Figure 1 with 2 supplements
Activity of synthetic elements and genomic sequences.

(A) The activity of synthetic elements with different numbers of binding sites. Expression is the average log of the ratio of cDNA barcode counts/DNA barcode counts for each synthetic element normalized to basal expression (dotted line). (B) The activity of genomic sequences is largely dependent on the presence of pluripotency binding sites. Normalized expression of wild type (gWT) sequences is plotted against expression of matched sequences with all three pluripotency TFBS mutated (gMUT sequences). Red indicates sequences with significantly different expression between matched gWT and gMUT sequences. The diagonal solid line is the expectation if mutation of TFBS had no impact on expression level. Expression of both gWT and gMUT sequences are normalized to basal controls, but basal expression is only plotted for gWT sequences on the y-axis (dotted line).

Figure 1—figure supplement 1
Pluripotency motif substitutions for gMUT sequences.

Highest information content positions in each motif were substituted with least frequent nucleotide for that position. (A) For mutating Sox2 motifs, the reference nucleotides were substituted for ‘A’ in position 4 and 5. (B) For mutating Oct4 motifs, the reference nucleotide was substituted for ‘C’ in position 2 and for ‘A’ in position 3. (C) For mutating Esrrb motifs, the reference nucleotide was substituted for ‘C’ in position five and ‘A’ for position 7. (D) For mutating Klf4 motifs, the reference nucleotide was substituted for ‘A’ in position three and ‘C’ in position 5.

Figure 1—figure supplement 2
MPRA data quality.

Reproducibility of barcode (BC) counts between biological replicates, normalized as reads per million per RNA replicate for (A) Synthetic library and (B) Genomic, gWT and gMUT, library. Comparison of normalized BC expression (BCRNA/BCDNA) versus DNA counts for (C) Synthetic library and (D) Genomic, gWT and gMUT, library.

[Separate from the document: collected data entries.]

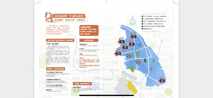 纸质版正在加紧印刷中,将于电影节开幕前摆放到各展映影院的显著位置。提前翻阅这份“生活手册”印刷小样,发现“影院生活地图”就是各区6月文化娱乐生活的实用指南。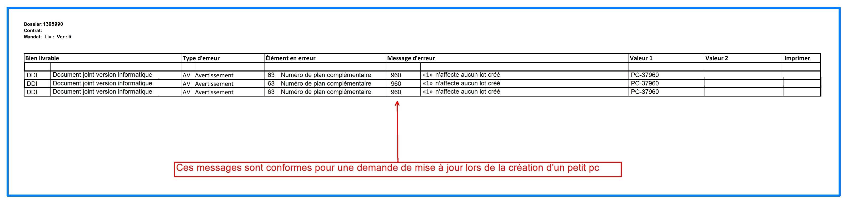 Messages d'avertissement sur le document joint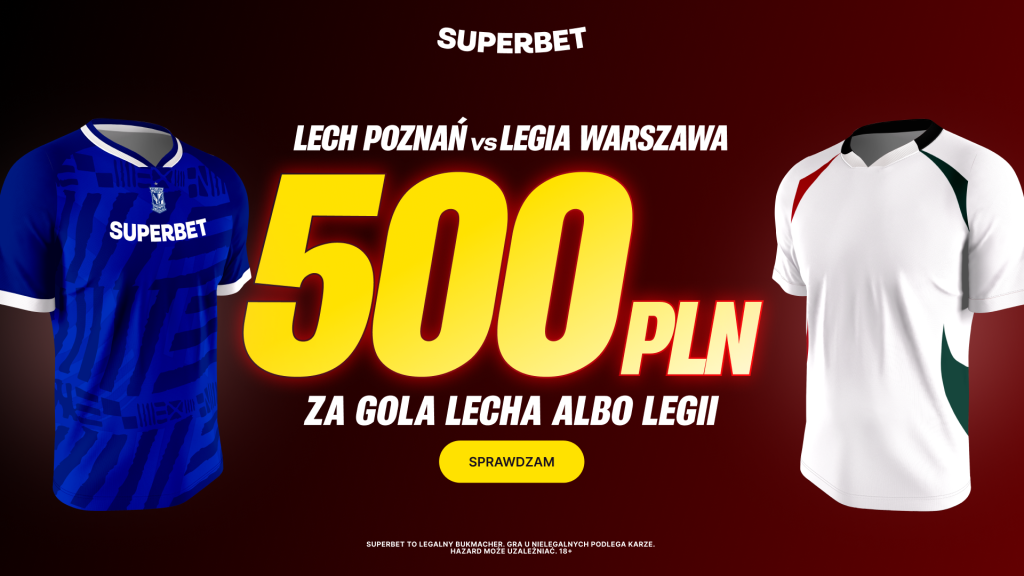 Mecz Lecha z Legią to prawdziwy klasyk i największy hit dnia. Który z zespołów trafi w niedzielę do siatki? Nowi gracze Superbet za wygranie takiego zakładu odbiorą dodatkowe 500 złotych bonusu!

Figure 2 with 1 supplement
Non-additivity in synthetic elements.

(A) Comparison of synthetic 3-mer elements with matched 4-mer elements containing one additional site in the first or fourth position. Mean expression of elements across barcodes (black dot) is plotted +/- SEM (black whiskers). Green line for comparison to expression of 3-mer; Green transparency highlights SEM of 3-mer shown. Capital letter represents binding site in forward orientation and lower-case letter represents binding site in reverse orientation. Activity of the ten highest (B) and ten lowest (C) expressing 4-mers. Red line represents average expression of all synthetic 4-mer elements. Case represents binding site orientation as in (A) Mean expression of each element across barcodes (black dot) +/- SEM (black whiskers). Activity logos for the top 25% (n = 96) (D) and bottom 25% (E) of 4-mer synthetic elements. Height of letter is proportional to frequency of site in indicated position. Positions organized from 5’ end (Position 1) to 3’ end (Position 4) of elements.

Figure 2—figure supplement 1
Additional examples of non-additivity in synthetic elements.

Comparisons of synthetic 3-mer elements with matched 4-mer elements containing one additional site in the first or fourth position with (A) three of four matched 4-mers with overlapping expression despite an additional binding site and (B) one of four matched 4-mers with overlapping expression. Activity logos for the top 25% (C), bottom 25% (D) of 3-mer synthetic elements (n = 48 each), and top 25% (E) and bottom 25% (F) of 2-mer synthetic elements (n = 12 each). Height of letter is proportional to frequency of site in indicated position. Positions organized as in Figure 2.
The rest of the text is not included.